REQUIRED WORK: Copy exactly the lines of the material below that fall between the line with "Equipo para venoclisis" and the line with "铁球没砸到小哥哥就能过关,点击【下一关】继续游戏。", both of those lines included; pictures stay out.

SOURCE MATERIAL:
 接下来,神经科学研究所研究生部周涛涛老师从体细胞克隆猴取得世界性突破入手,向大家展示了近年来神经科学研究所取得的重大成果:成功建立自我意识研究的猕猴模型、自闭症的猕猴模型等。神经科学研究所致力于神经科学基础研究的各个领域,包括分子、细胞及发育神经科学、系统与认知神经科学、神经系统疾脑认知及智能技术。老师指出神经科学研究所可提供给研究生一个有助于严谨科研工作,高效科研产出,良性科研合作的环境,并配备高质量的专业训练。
...
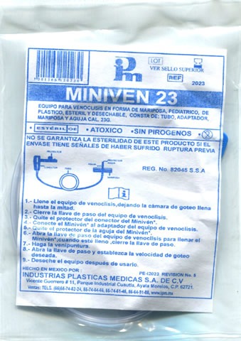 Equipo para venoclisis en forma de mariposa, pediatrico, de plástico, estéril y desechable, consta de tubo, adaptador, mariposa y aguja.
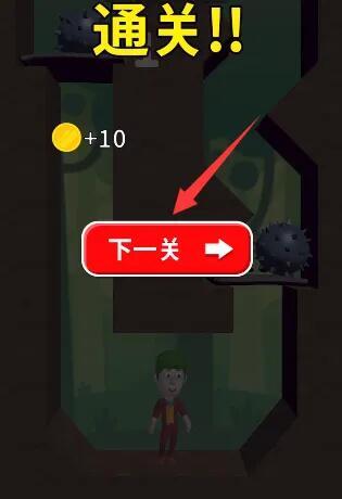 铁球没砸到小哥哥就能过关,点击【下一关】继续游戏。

SOLUTION BELOW:
 Equipo para venoclisis en forma de mariposa, pediatrico, de plástico, estéril y desechable, consta de tubo, adaptador, mariposa y aguja.
 铁球没砸到小哥哥就能过关,点击【下一关】继续游戏。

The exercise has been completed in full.